Apache®, Spark, and the flame logo are either registered trademarks or trademarks of the Apache Software Foundation in the United States and/or other countries. No endorsement by The Apache Software Foundation is implied by the use of these marks.
This article describes an end-to-end modernization plan for mainframe and midrange data sources.
Architecture
Download a Visio file of this architecture.
Dataflow
The following dataflow outlines a process for modernizing a mainframe data tier. It corresponds to the preceding diagram.
Mainframe and midrange systems store data in data sources, like file systems (VSAM, flat file, LTFS), relational databases (Db2 for z/OS, Db2 for IBM i, Db2 for Linux UNIX and Windows), or nonrelational databases (IMS, ADABAS, IDMS).
The object conversion process extracts object definitions from source objects. The definitions are then converted into corresponding objects in the target data store.
- SQL Server Migration Assistant (SSMA) for Db2 migrates schemas and data from IBM Db2 databases to Azure databases.
- Managed Data Provider for Host Files converts objects by:
- Parsing COBOL and RPG record layouts, or copybooks.
- Mapping the copybooks to C# objects that .NET applications use.
- Use a custom tool to convert database objects from Db2 to Azure Database for PostgreSQL. Note that you might have to request access to this tool.
- Third-party tools perform automated object conversion on nonrelational databases, file systems, and other data stores.
Data is ingested and transformed. Mainframe and midrange systems store their file system data in EBCDIC-encoded format in file formats like:
COBOL, PL/I, and assembly language copybooks define the data structure of these files.
a. FTP transfers mainframe and midrange file system datasets with single layouts and unpacked fields in binary format and corresponding copybook to Azure.
b. Data is converted.
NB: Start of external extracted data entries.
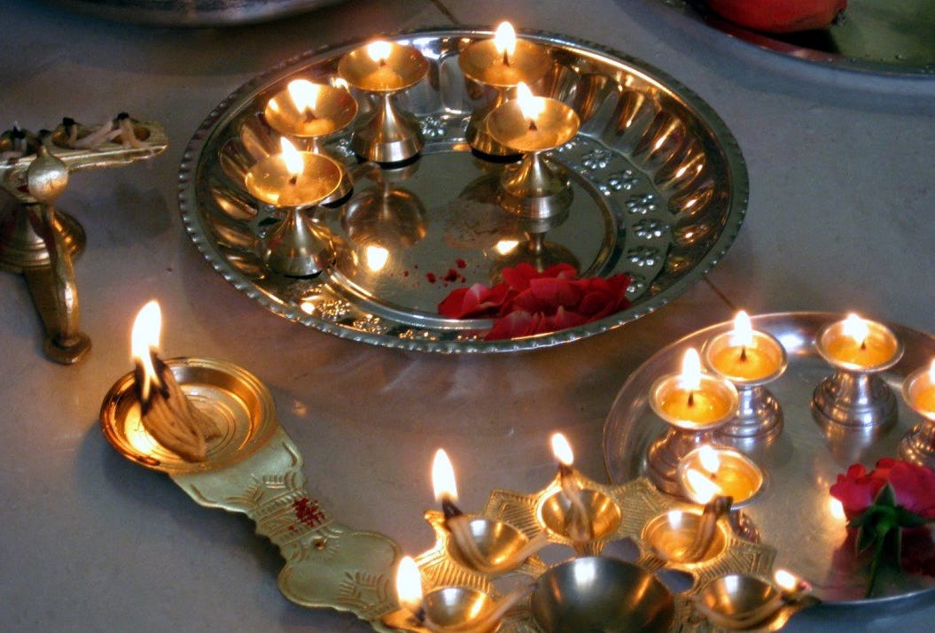 Temple ritual was new to me. I'd not experienced anything remotely close to an ārati in my life, but I found it fascinating and was eager to participate. Not trained at the time, I was limited to simple tasks such as taking the ārati lamp around for devotees to honour. An ārati lamp is generally a brass or silver vessel that supports several enflamed handmade ghee candles. I've included a picture for reference. The task was to take the lamp from the pūjārī (priest) who is performing the ritual and then go around the temple room holding it out in front of devotees so that they could honour it. Some devotees wave their hand over the flames then touch that to their foreheads, some bow their heads to the lamp in a show of respect. If a devotee's hands are occupied by playing karatāla cymbals or mṛdaṅga drum, they generally nod their head in respect. Such was the case with Bhakta Sasha from Russia. He was playing karatāla when I approached him, so he nodded towards the flaming lamp.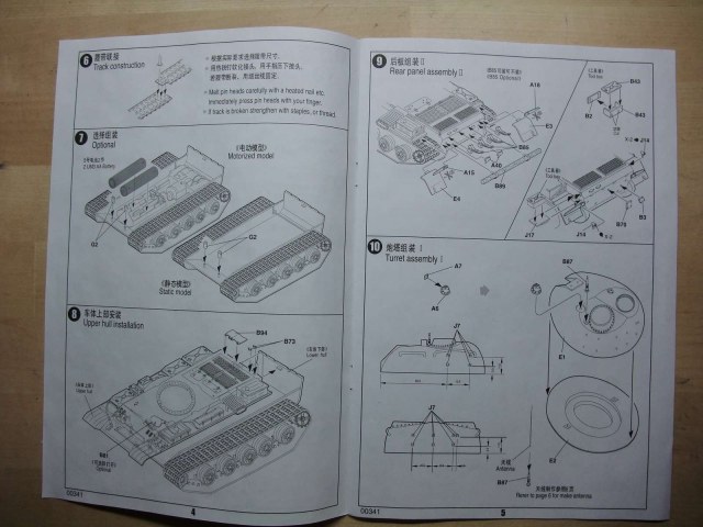 собирал такой,гусеницы качество хорошее но воплощение не ахти,и с башней еле разобрался,в итоге что то собрал но осталась еще приличная кучка деталей не понятного назначения.и почему то дается 2 пулемета и варианта 3 люка наводчика.самое интересное в данном наборе это минный трал.Автору удачи в сборке.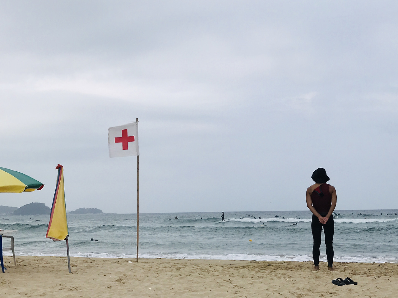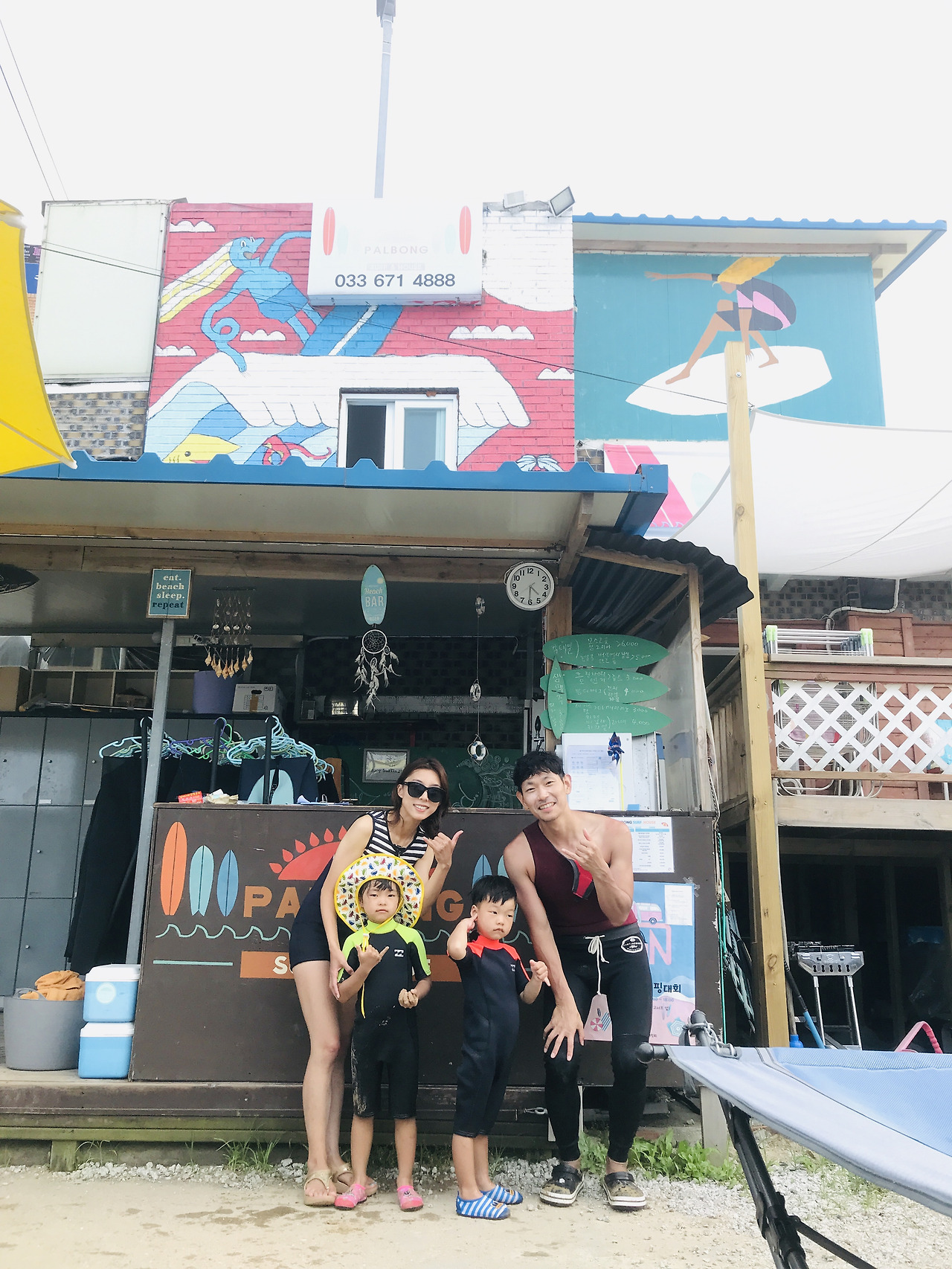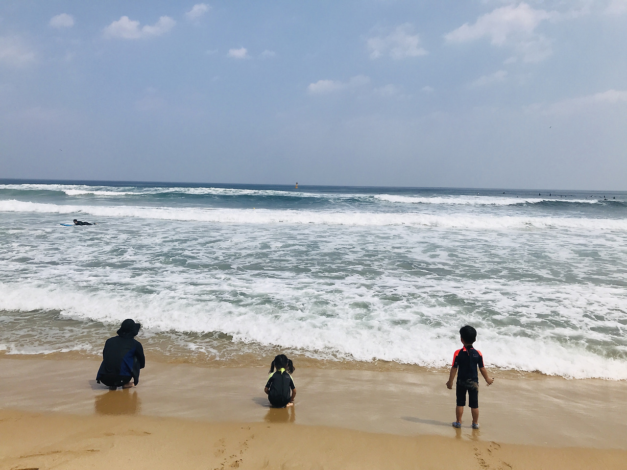유남매만 두고 부부가 둘 다 서핑을 하러 갈 수는 없어서 우리 부부는 번갈아가면서 서핑을 해야 했다. 그래서 최대한 서핑존 가까운 해수욕존에 파라솔을 잡고, 짐을 챙겨놓은 후 각자의 역할에 충실했다. 서퍼가 되었다가 유남매와 해수욕객이 되었다가.

The Azure Data Factory custom connector is a solution developed by using the Host File client component of Host Integration Server to convert mainframe datasets.
Host Integration Server integrates existing IBM host systems, programs, messages, and data with Azure applications. Host Integration Server is a Host File client component that you can use to develop a custom solution for dataset conversion.
The Azure Data Factory custom connector is based on the open-source Spark framework, and it runs on Azure Synapse Analytics. Like other solutions, it can parse the copybook and convert data. Manage the service for data conversion by using the Azure Logic Apps Parse Host File Contents connector.
c. Relational database data is migrated.
IBM mainframe and midrange systems store data in relational databases like these:
These services migrate the database data:
- Data Factory uses a Db2 connector to extract and integrate data from the databases.
- SQL Server Integration Services handles various data ETL tasks.
d. Nonrelational database data is migrated.
IBM mainframe and midrange systems store data in nonrelational databases like these:
- IDMS, a network model database management system (DBMS)
- IMS, a hierarchical model DBMS
- Adabas
- Datacom
Third-party products integrate data from these databases.
Azure services like Data Factory and AzCopy load data into Azure databases and Azure data storage. You can also use third-party solutions and custom loading solutions to load data.
Azure provides many managed data storage solutions:
Azure services use the modernized data tier for computing, analytics, storage, and networking.
Client applications also use the modernized data tier.
Components
Data storage
- SQL Database is part of the Azure SQL family. It's built for the cloud and provides all the benefits of a fully managed and evergreen platform as a service. SQL Database also provides AI-powered automated features that optimize performance and durability. Serverless compute and Hyperscale storage options automatically scale resources on demand.
- Azure Database for PostgreSQL is a fully managed relational database service that's based on the community edition of the open-source PostgreSQL database engine.
- Azure Cosmos DB is a globally distributed multimodel NoSQL database.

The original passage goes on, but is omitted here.